We need to find the minimum value.

First, we need to find the first derivative.

==> g'(x) = 10x - 5

Now we will calculate the critical values which is the derivative zeros:

==> 10x - 5 = 0

==> 10x = 5

==> x = 1/2.

Since the sign of x^2 is positive, then we know that the function has a minimum value at x= 1/2

Then the function has a minimum value at x= 1/2

==> g(1/2) = 5(1/2)^2 - 5(1/2) + 7

= 5/4 - 5/2 + 7

= ( 5 - 10 + 28)/4

= 23/4

**Then, the minimum values is: f(1/2) = 23/4**

We can find the point at which minimum and maximum values of any function occurs equating the derivative of the function to 0, and finding the corresponding value of the function.

Thus:

g'(x) = 10x - 5

Equating this to 0:

10x - 5 = 0

==> 10x = 5

==>x = 1/2

Substituting this value of x in the function g(x):

g(1/2) = 5(1/2)^2 - 5*1/2 + 7

= 5/4 - 5/2 + 7 = 23/4 = 5.75

We can check if 5.75 is the maximum or minimum value of g(x) comparing it with any other value of x, say 1.

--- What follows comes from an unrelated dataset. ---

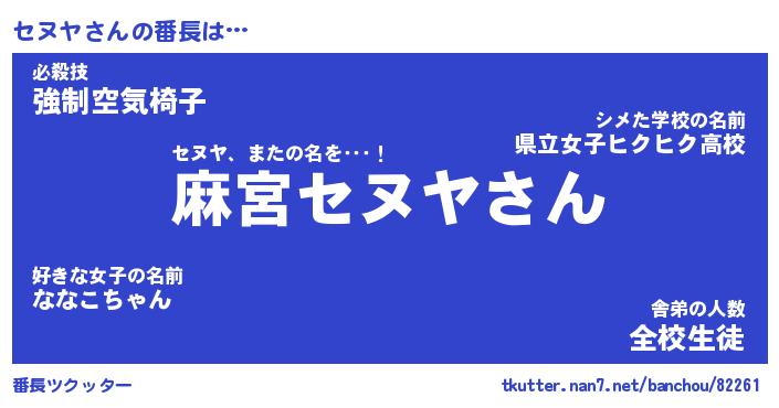 | ヒーロー風カッコイイあだ名 | 『スーパーセヌヤ』『ウルトラセヌヤマン』 |

g(1) = 5*1^2 - 5*1 + 7 = 7

This is more than g(1/2) = 5.75

Therefore, minimum value of g(x) is 5.75.

To find the minimum value of g(x) = 5x^2-5x+7.

g(x) = 5(x^2-x)+7

g(x) = 5{x^2-2*(1/2)x +(1/2)^2} -5(1/2)^2+7. We added 5(1/2)^2 and subtracted 5(1/2)^2 .

g(x) = 5(x-1/2)^2-5/4+7.

g(x) = 5(x-1/2)^2 + (28-5)/4

g(x) = 5(x-1/2)^2 + 23/4.

Therefore g(x) > = 23/4 as, 5(x-1/2)^2 is always > 0 for all x and for x= 1/2, g(1/2) = 23/4 is minimum as 5(x-1/2)^2 = 0 for x = 1/2.